Women of reproductive age face a particularly high risk due to monthly blood loss through menstruation, with heavy periods significantly compounding the problem. Pregnancy further increases iron requirements, as the body must support both maternal health and foetal development.

The issue extends beyond those with confirmed anaemia, though. Iron deficiency without anaemia can cause symptoms before red blood cell counts drop to anaemic levels. Many of these people experience fatigue, difficulty concentrating and feeling persistently cold while their iron stores are depleted but before anaemia actually develops.

Vegetarians and vegans face additional challenges, as plant-based iron (known as non-heme iron) is considerably less bioavailable than the heme iron found in meat and fish. Regular blood donors, people with gastrointestinal conditions affecting absorption and endurance athletes also face elevated risk.

Something many people overlook is tea and coffee, which contain tannins that inhibit iron absorption when consumed with meals. But you don't need to give up your morning brew. Simply spacing it away from iron-rich foods can help maximise absorption.

Building Iron Levels Through Diet

If you eat meat, red meat, chicken and fish all provide easily absorbed iron. For vegetarians and vegans, lentils, chickpeas, beans (including red kidney beans and edamame beans), tofu, spinach, kale, dried apricots and fortified breakfast cereals are excellent sources. The key with plant-based iron is pairing it with vitamin C to enhance absorption.

When Supplementation May Help

Sometimes, despite careful attention to diet, iron levels can remain stubbornly low. This is especially true if stores are already depleted. Power Health's Iron supplements offer a straightforward option for supporting dietary intake when needed.

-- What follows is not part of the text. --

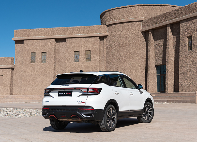 车尾部分,风神AX7马赫版与风神AX7 PRO也没有太大的区别,只有后保险杠位置的扩散器增加了红色饰条与前脸相呼应。新车依旧采用贯穿式尾灯设计,两端分别呈现出Y字造型,点亮后具有很强的辨识度。
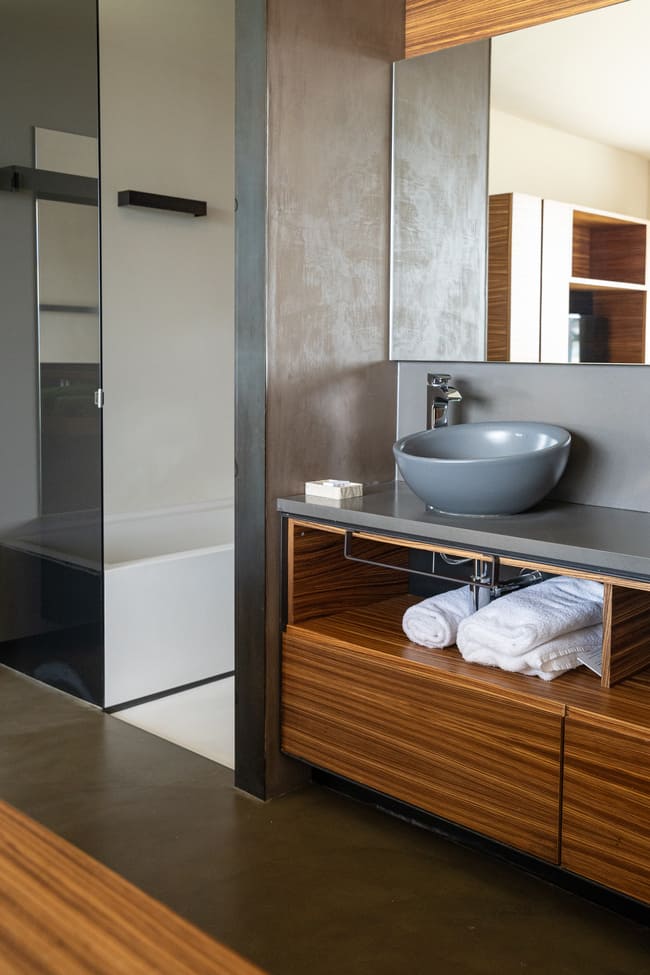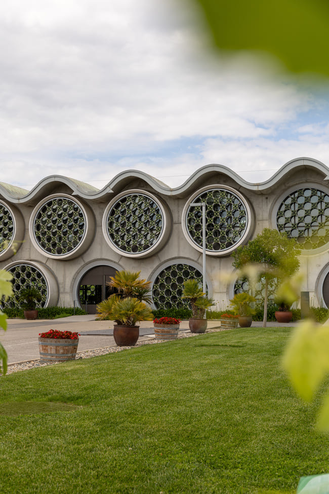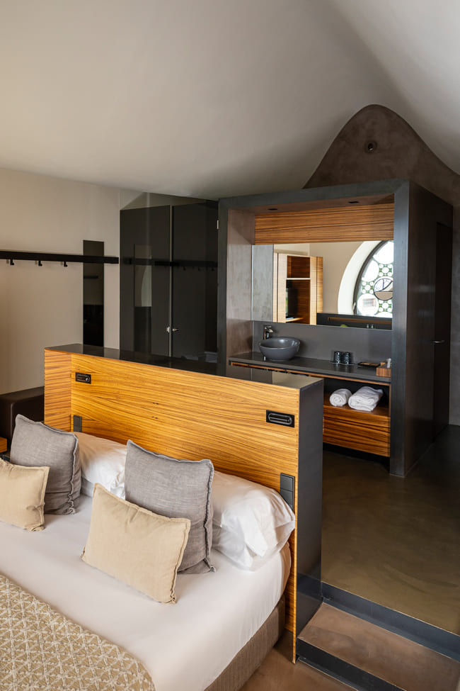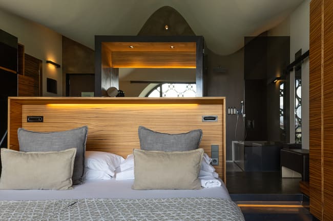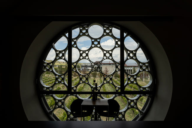 Inside, the hotel continues to draw inspiration from its natural surroundings. In the bedrooms, the sinuous lines of the building give way to smooth, curved ceilings that enhance the sense of space. Large, circular windows with geometric patterns allow natural light to flood the rooms, offering breathtaking views of the vineyards. The use of wood, glass and black accents creates a cohesive and stylish look that balances contemporary design with natural elements.

However, persistent tiredness can stem from numerous causes, such as thyroid issues, vitamin B12 deficiency, other forms of anaemia or underlying health conditions. If you're constantly exhausted, speaking with your GP is the sensible first step. A simple blood test can determine whether low iron is the issue and guide appropriate management.

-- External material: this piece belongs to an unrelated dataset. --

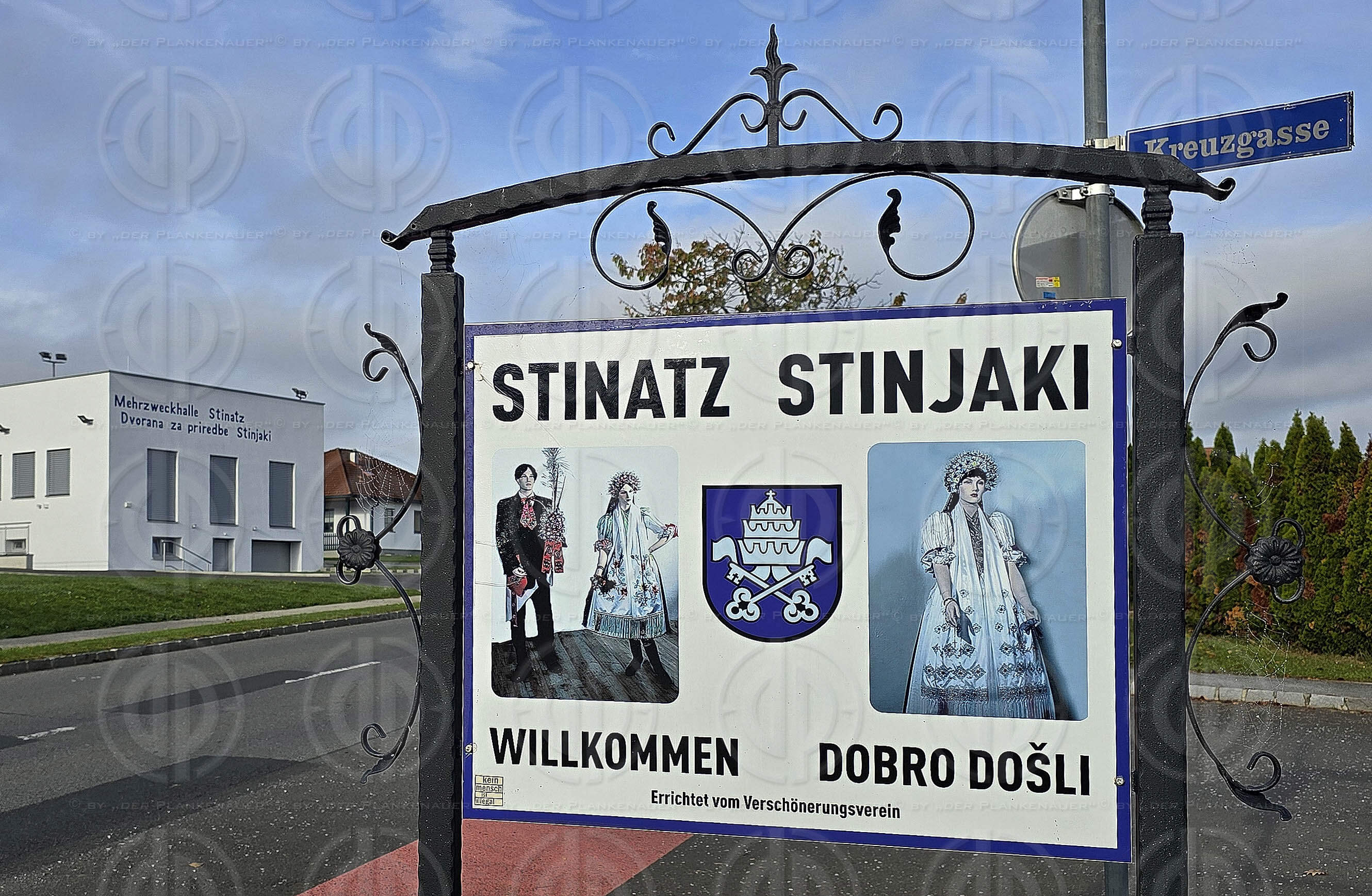 Bild zeigt: Ortseinfahrt und Mehrzweckhalle in der Marktgemeinde Stinaz (Stinjaki) im Bezirk Güssing/Südburgenland.
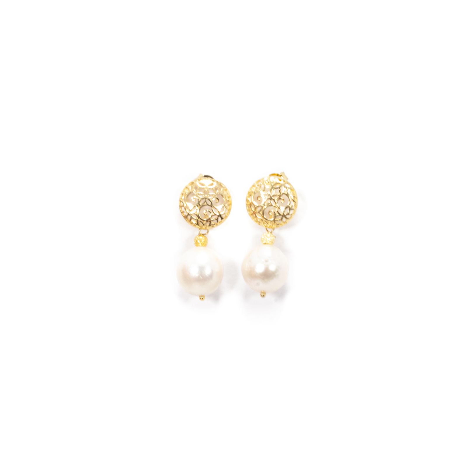 Cercei unicat, concept Ioana Condurățeanu, realizați manual în atelierele Sheba din pietre naturale, cu accesorii din argint auriu. Cerceii sunt compuși din perle de cultură de formă sferică, suspendate sub o tortiță grațioasă din argint auriu. Cerceii sunt prevăzuți cu sistem de prindere pe ureche de tip tijă cu fluturaș, astfel se așază perfect pe lob și lasă piatra să se miște lejer. Bijuteria oferă o notă de serenitate și rafinament, potrivită atât pentru ținute smart-casual, cât și pentru evenimente elegante. Puteți cere ajutorul consilierilor Sheba pentru a vă comanda, în funcție de preferințe și de ținuta la care doriți să îi purtați, un pandantiv potrivit.

Iron supplements can cause gastrointestinal side effects in some people, particularly constipation. Your doctor can advise on dosage or suggest alternatives if standard supplements don't suit you.

The Bottom Line

Winter presents enough challenges without contending with constant exhaustion. If darker months consistently leave you feeling drained, and you recognise risk factors for iron deficiency, it's worth investigating. Addressing low iron levels – whether through dietary changes, supplements, or both – could make a tangible difference to how you navigate the season.

As with all dietary supplements, it's recommended to consult with a healthcare professional before adding new products to your regimen, particularly if you have any existing medical conditions, are pregnant or breastfeeding, or are taking other prescription and non-prescription medicines.